Abstract: Impact factor: 3.508 (the last available from JCR2009SCI). Position 4/103 in the category Computer Science, Artificial Intelligence. Quartile
Color is a powerful visual cue in many computer vision applications such as image segmentation and object recognition. However, most of the existing color models depend on the imaging conditions that negatively affect the performance of the task at hand. Often, a reflection model (e.g., Lambertian or dichromatic reflectance) is used to derive color invariant models. However, this approach may be too restricted to model real-world scenes in which different reflectance mechanisms can hold simultaneously.

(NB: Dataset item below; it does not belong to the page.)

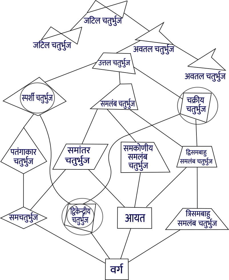 Quadrilateral hierarchy hi png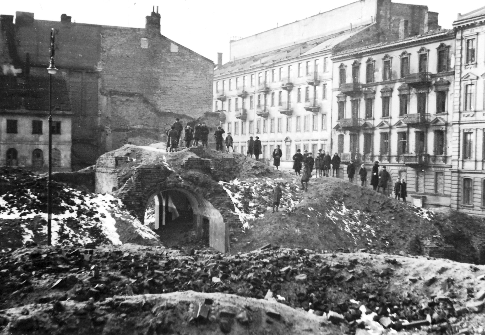 Ruins of townhouses between Sienna and Śliska Streets viewed from Wielka Street in Warsaw during WWII. Well preserved building, in the center was standing on Śliska 6/8 Street. During the war this neighborhood belonged to Warsaw Ghetto and after the war it become part of Defilad Square. Couple people in the photograph have arm bands which are most likely star-of-David bands worn by Jews in the getto before Getto Uprising in 1943.

Therefore, in this paper, we aim to derive color invariance by learning from color models to obtain diversified color invariant ensembles. First, a photometrical orthogonal and non-redundant color model set is computed composed of both color variants and invariants. Then, the proposed method combines these color models to arrive at a diversified color ensemble yielding a proper balance between invariance (repeatability) and discriminative power (distinctiveness). To achieve this, our fusion method uses a multi-view approach to minimize the estimation error. In this way, the proposed method is robust to data uncertainty and produces properly diversified color invariant ensembles. Further, the proposed method is extended to deal with temporal data by predicting the evolution of observations over time.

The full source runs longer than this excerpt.